Текст книги "Жизнь, подаренная дважды"
Автор книги: Григорий Бакланов
сообщить о нарушении
Текущая страница: 10 (всего у книги 22 страниц)
Был между Баковкой и Переделкино небольшой лесок, в нем отгороженные высоким забором два огромных, одинаковых по размерам участка: санаторий министерства путей сообщения и – дача Буденного. Оттуда, как говорили, выезжал он на прогулку на коне, мы этого ни разу не видели. Вот в этот лесок мы любили ходить, собирали грибы, разговаривали. Сын еще не родился, но он в этих прогулках уже был с нами. А я, будущий его отец, все еще, по сути дела, был никем. Для домоуправления, для милиции требовались справки, что я где-то работаю, где-то числюсь. Добывать их было унизительно. Да и заработки мои случайны. Но даже в самое трудное время Элла говорила: никуда не иди работать, пиши. Верила ли она тогда в меня? Во всяком случае, не хотела, чтобы когда-то я мог упрекнуть себя: не выдержал, смалодушничал.
Повесть с беспомощным названием «В Снегирях» вышла в журнале, была издана книгой, критика отметила ее, меня пригласили на совещание молодых писателей, рекомендовали в Союз. Но почему-то мне подумалось, что Константин Георгиевич Паустовский обидится, если я вступлю в Союз писателей без его рекомендации: все же в институте я был в его семинаре, неблагодарным сочтет. И я позвонил ему. «Да, да, конечно». И видимо, забыл. Полгода я ждал, считая неудобным напоминать, давно уже вступили в Союз те, кто был рекомендован совещанием одновременно со мной, а я все ждал.
Но как беда не одна ходит, так и радость – к радости. Родился сын, и тогда же в журнале вышла моя повесть. «Даст бог его, даст и на него». Получив деньги, я спросил мою тещу-пророчицу:
– Вы держали когда-нибудь в руках десять тысяч?
– Нет, никогда не держала.
– Тогда – держите.
Вот уже лет сорок, наверное, не перечитывал я эту мою повесть. Никогда не включал ее в сборники, не включил и в собрание сочинений. Я многому научился, пока писал ее, хорошо, что она есть, стыдиться мне нечего, но и гордиться нечем. Все же о деревне должны писать те, кто там родился и хотя бы часть своей жизни прожил.
По этой повести в дальнейшем был поставлен фильм; режиссер говорил: «Я хочу, чтобы он получился в рембрандтовских тонах». Он и получился «в рембрандтовских тонах». Дали ему вторую категорию, большего он не заслуживал, шел вторым экраном, но, как ни странно, тираж его был огромен, никогда, ни за один фильм, поставленный по моим книгам, по моим сценариям, не получал я таких потиражных. А играла в нем тогда еще молодая ослепительная красавица Дзидра Ритенбергс.
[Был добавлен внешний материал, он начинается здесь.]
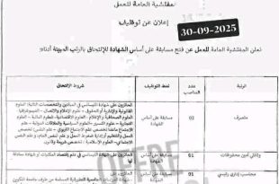 وزارة العمل والتشغيل والضمان الاجتماعي المفتشية العامة للعمل ads إعلان عن توظيف 30-09-2025 تعلن المفتشية العامة للعمل عن فتح مسابقة على أساس الشهادة للإلتحاق بالرتب المبينة أدناه: الرتبةعدد المناصبنمط التوظيفشروط الإلتحاقمتصرف02مسابقة على أساس الشهادةالحائزون على شهادة الليسانس في الميادين والتخصصات التالية: الحقوق، العلوم الاقتصادية …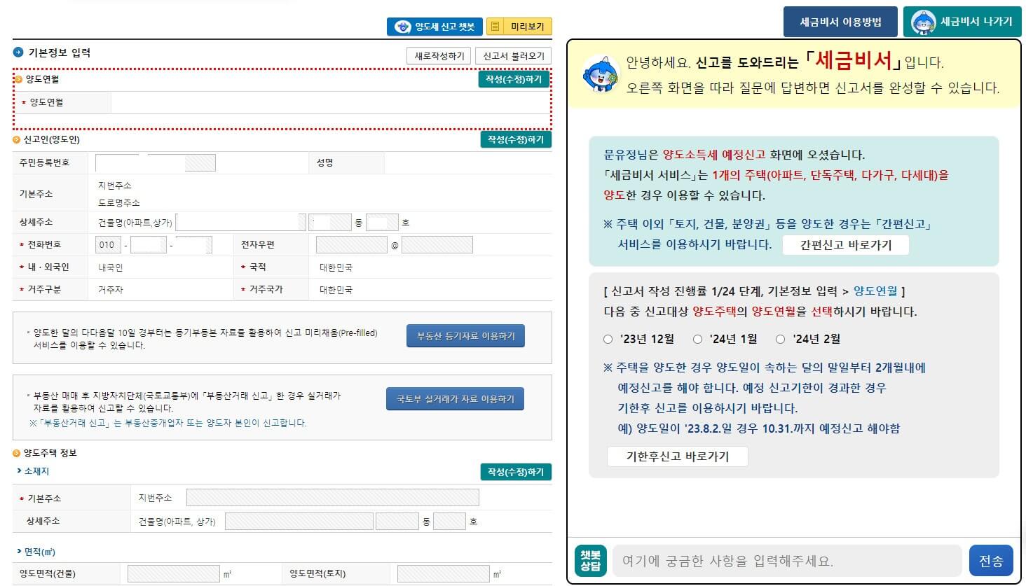 신고인부분과 양도주택정보 등을 작성후 제출합니다.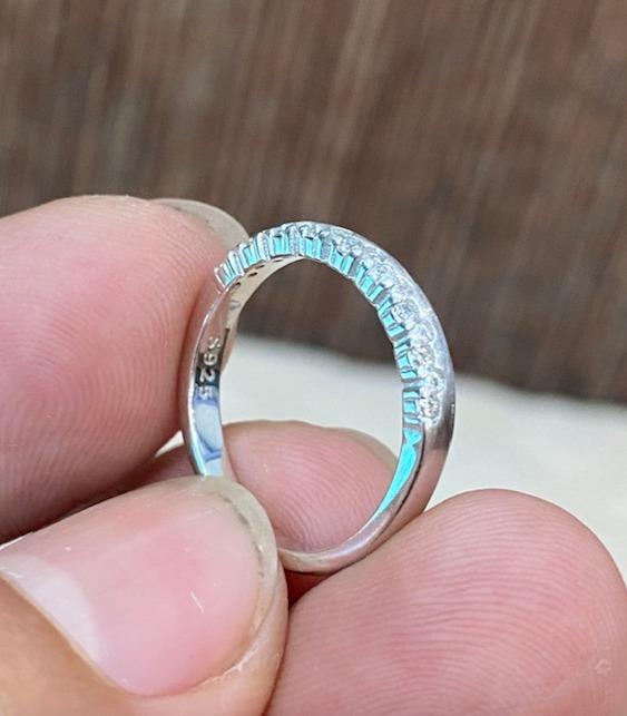Nhẫn bạc ngoại S925 đính đá CZ 1 bên độc đáo, sáng bóng cực sang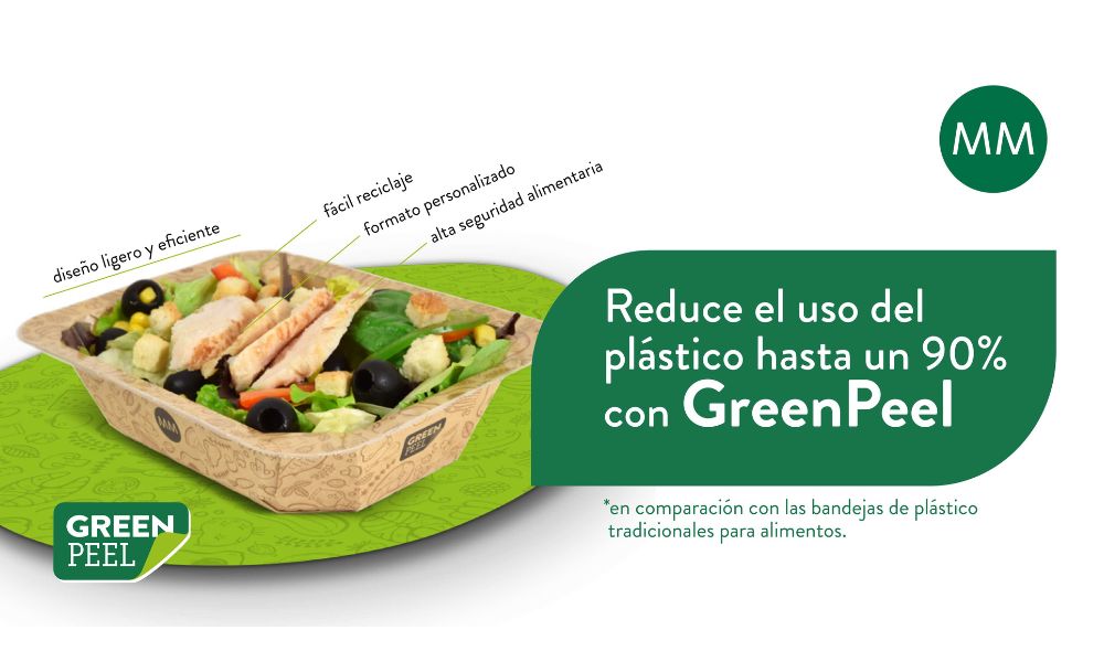 Green Peel es una solución de envasado a base de papel, que reduce el uso de plástico hasta en un 90% en comparación con las bandejas de plástico tradicionales para alimentos.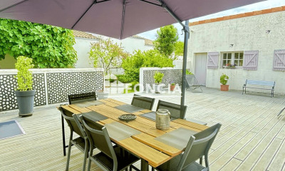 Exclusivité Orpi Aux portes de Chatelaillon et à 2,5 km de la plage, venez découvrir cette spacieuse maison de plain pied et sans mitoyenneté sur une belle parcelle de terrain de 2274 m². D'une surface habitable de 165 m², elle offre une belle entrée, un bureau attenant, une salle de séjour et coin cuisine de plus de 40 m² ouvert sur un salon-véranda très lumineux de 30 m², une belle arrière cuisine-buanderie de 14 m². La partie nuit comprend 4 chambres, une salle d'eau et un wc séparé. Deux grands garages indépendants de 42 et 37 m². En plus, 2 logements avec une entrée indépendante de type ''2 pièces'' loués à l'année (revenus 11 500 euros). Cette maison pourrait aussi convenir à une profession libérale avec une salle d'attente et bureau ou à un artisan avec les dépendances de 80 m². Référence agence : 3628

Когда заканчиваешь книгу, остается еще запал. Он сильней усталости, его надо не упустить. А устроишь себе отдых, начнешь, как говорят кинематографисты, «пожимать лавры», и – всё: к столу уже не тянет, слово к слову не идет, и ты рад, если тебя оторвут вроде бы по делу, ты сам этого ждешь. Сколько видел я таких праздничных литераторов! Взбодрят повестушку и ходят в редакцию принимать поздравления, рассказывать о своих дальнейших «творческих планах». Один, помню, все ходил с блокнотом и карандашом в руке: вот уже собираю материал…
Я писал первую свою повесть, а во мне уже ворочалась другая книга. И мешала мне, хотелось ее начать. Я уже знал первые фразы: «К ночи похолодало. Небо прояснилось, звезды горели ярко». И эта ночь, и темные силуэты «кукурузников», ночных двукрылых тихоходных бомбардировщиков, плывущие среди звезд, и нити трассирующих пуль, вдруг потянувшиеся к ним с земли, а летчики – женщины и совсем неопытные девчонки – летят бомбить немецкий передний край, – все это я вновь видел. Или вдруг так ясно почувствуешь запах мокрого кирпича. Мы стояли вдвоем с сержантом-пехотинцем за стеной разбитого дома, готовясь перебежать улицу. Ночью выпал снег, и сейчас он таял на раскрошенной снарядом кирпичной стене. И солнце – слепящее, весеннее. Закопченной рукой сержант снял подтаявший снег, сжал его, поднес к лицу, вдохнул запах, а пули, убившей его, я не слышал. Он только сполз спиной по стене, и шапка откатилась.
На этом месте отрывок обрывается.